Evening Brief – 02.05.24
CFOs Want Stability in 2024
Amid ongoing economic uncertainties caused by interest rates, inflation, geopolitics, and the upcoming presidential election, many CFOs have more moderate expectations for 2024 than the previous year, according to a new CFO study.
Currently, 32% foresee flat or reduced revenues, and 34% estimate the same for profitability. In 2023, only 18% of CFOs forecast flat or declining revenues, while 25% expected the same for profitability, according to accounting and advisory firm BDO USA in its 2024 CFO Outlook Survey.
The survey also revealed that 66% of CFOs believe economic volatility poses the same or higher risk now as it did a year ago, while 36% intend to boost compensation for their staff and 29% intend to improve non-monetary perks in 2024.
Just over half (53%) of CFOs report that they have integrated ESG concepts into their main business plan or are actively working on it. Almost half of firms have or are establishing a generative artificial intelligence (AI) policy.
Despite the uncertainty, CFOs are identifying opportunities to build stability and resilience in their firms and strategies to stimulate growth. New tools, such as AI, and new approaches to business concerns, such as worker engagement, create intriguing opportunities that will shape the middle market’s priorities this year, BDO noted.
“In this economic environment, thriving companies are being even more intentional about their approach to financial stability and long-term growth,” said Wayne Berson, CEO of BDO USA. “Those looking to prosper as the market rebounds must take bold action now to gain market share, carve out a competitive advantage, and position their organization for sustainable growth.”
The healthcare industry continues to suffer a difficult economic environment, but CFOs see remain optimistic, with 78% forecasting profit growth in 2024.
Meanwhile, life sciences CFOs face a cash-strapped environment as investor scrutiny rises and M&A activity slows.
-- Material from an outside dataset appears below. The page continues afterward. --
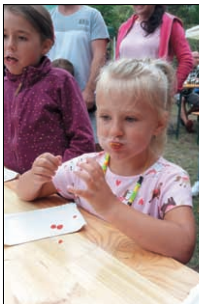
To je to dobré a ještě vyhraju...

The more austere economic landscape implies that many life sciences CFOs are searching for methods to recoup expenses, with 42% stating that they intend to seek tax credits as a cost-cutting measure. Despite difficult funding conditions, these CFOs continue to prioritize fundamentals, with 77% intending to increase spending on R&D.
The survey comprised 600 middle-market CFOs with revenues ranging from under $250 million to over $3 billion and was conducted by Rabin Roberts Research, an independent marketing research firm, in October 2023.